• DATASET CONTENT:
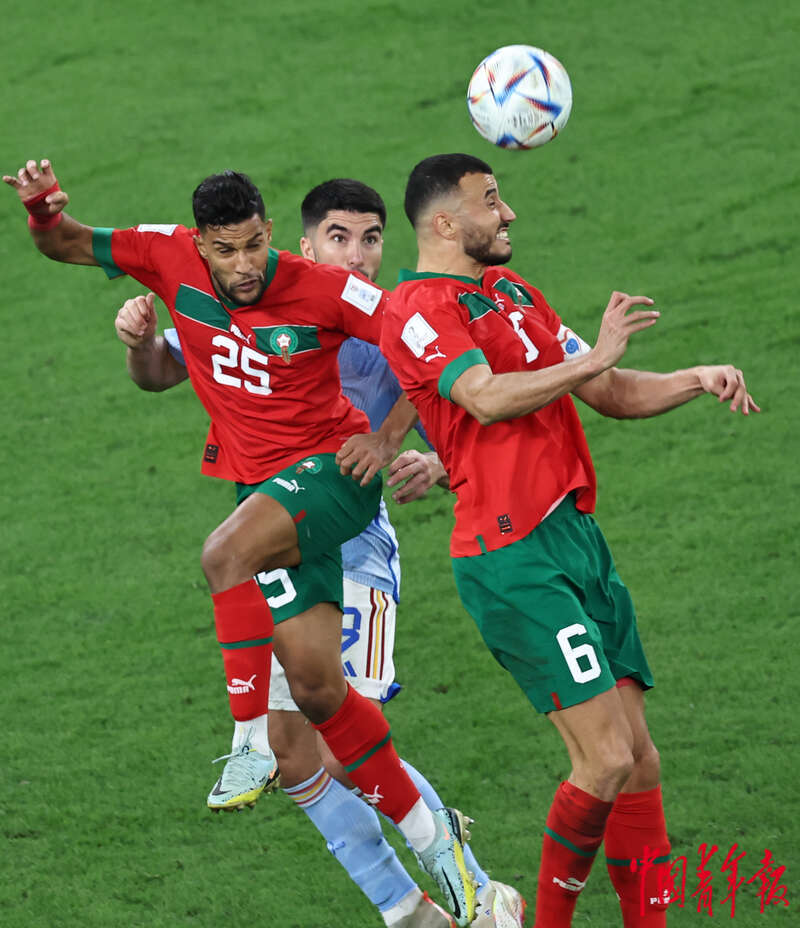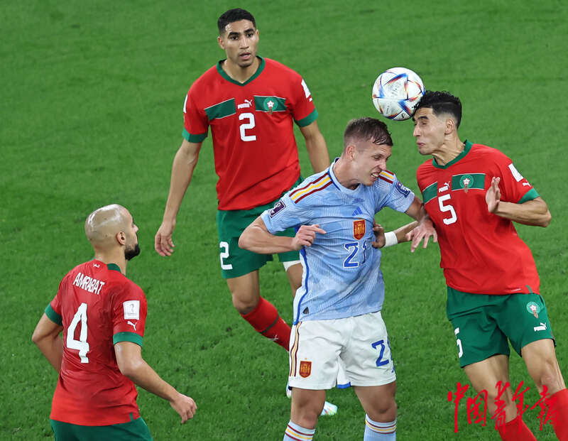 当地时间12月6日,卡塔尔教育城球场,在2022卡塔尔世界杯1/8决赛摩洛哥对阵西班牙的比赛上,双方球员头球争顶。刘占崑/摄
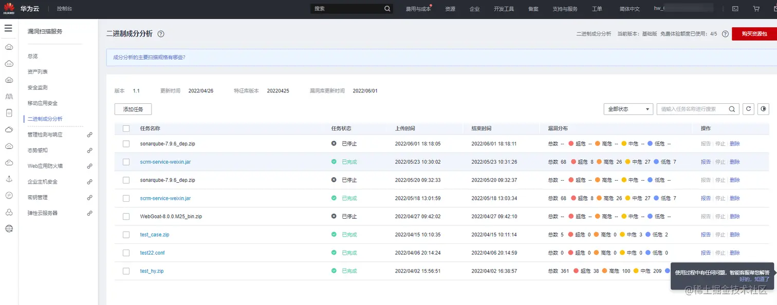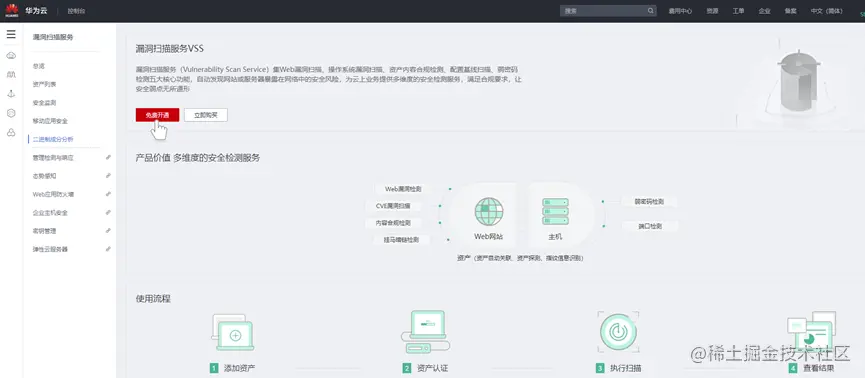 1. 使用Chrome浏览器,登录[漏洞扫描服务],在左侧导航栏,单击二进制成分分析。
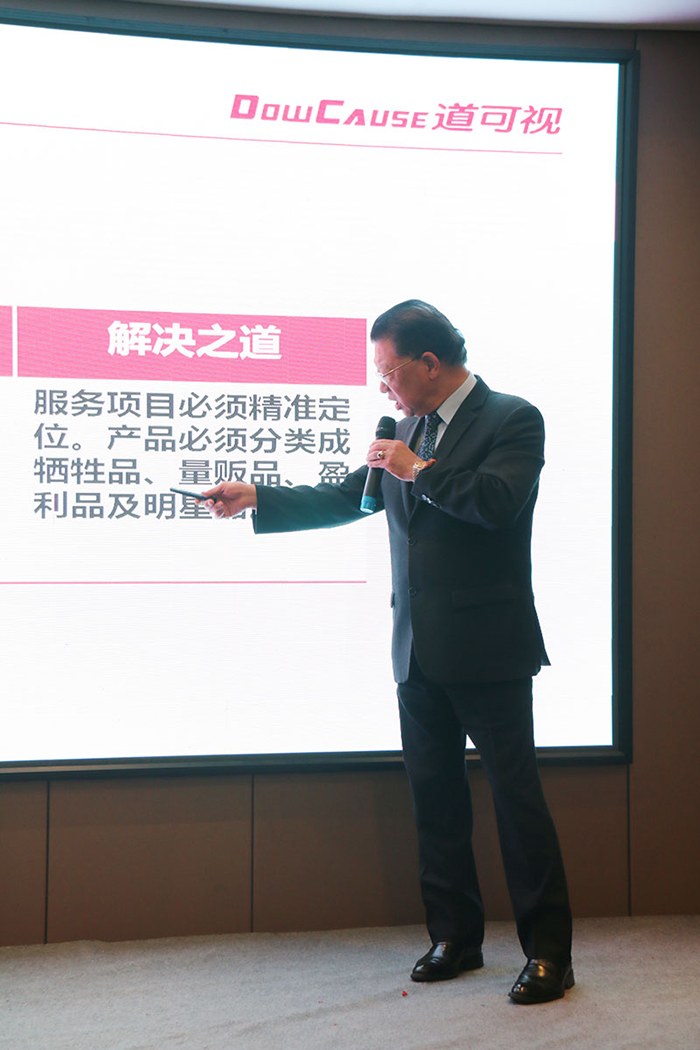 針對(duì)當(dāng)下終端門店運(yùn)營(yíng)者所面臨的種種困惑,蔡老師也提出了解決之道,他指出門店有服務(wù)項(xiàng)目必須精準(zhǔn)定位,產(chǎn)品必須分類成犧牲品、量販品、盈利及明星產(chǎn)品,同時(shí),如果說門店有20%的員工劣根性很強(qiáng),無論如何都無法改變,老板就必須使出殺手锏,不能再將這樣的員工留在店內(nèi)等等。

• EXERCISE DETAILS:
Give the lines from the one containing "1. 使用Chrome浏览器" through the final line of the material again, exactly and in full, but without pictures.

• TASK OUTPUT:
 1. 使用Chrome浏览器,登录[漏洞扫描服务],在左侧导航栏,单击二进制成分分析。
 針對(duì)當(dāng)下終端門店運(yùn)營(yíng)者所面臨的種種困惑,蔡老師也提出了解決之道,他指出門店有服務(wù)項(xiàng)目必須精準(zhǔn)定位,產(chǎn)品必須分類成犧牲品、量販品、盈利及明星產(chǎn)品,同時(shí),如果說門店有20%的員工劣根性很強(qiáng),無論如何都無法改變,老板就必須使出殺手锏,不能再將這樣的員工留在店內(nèi)等等。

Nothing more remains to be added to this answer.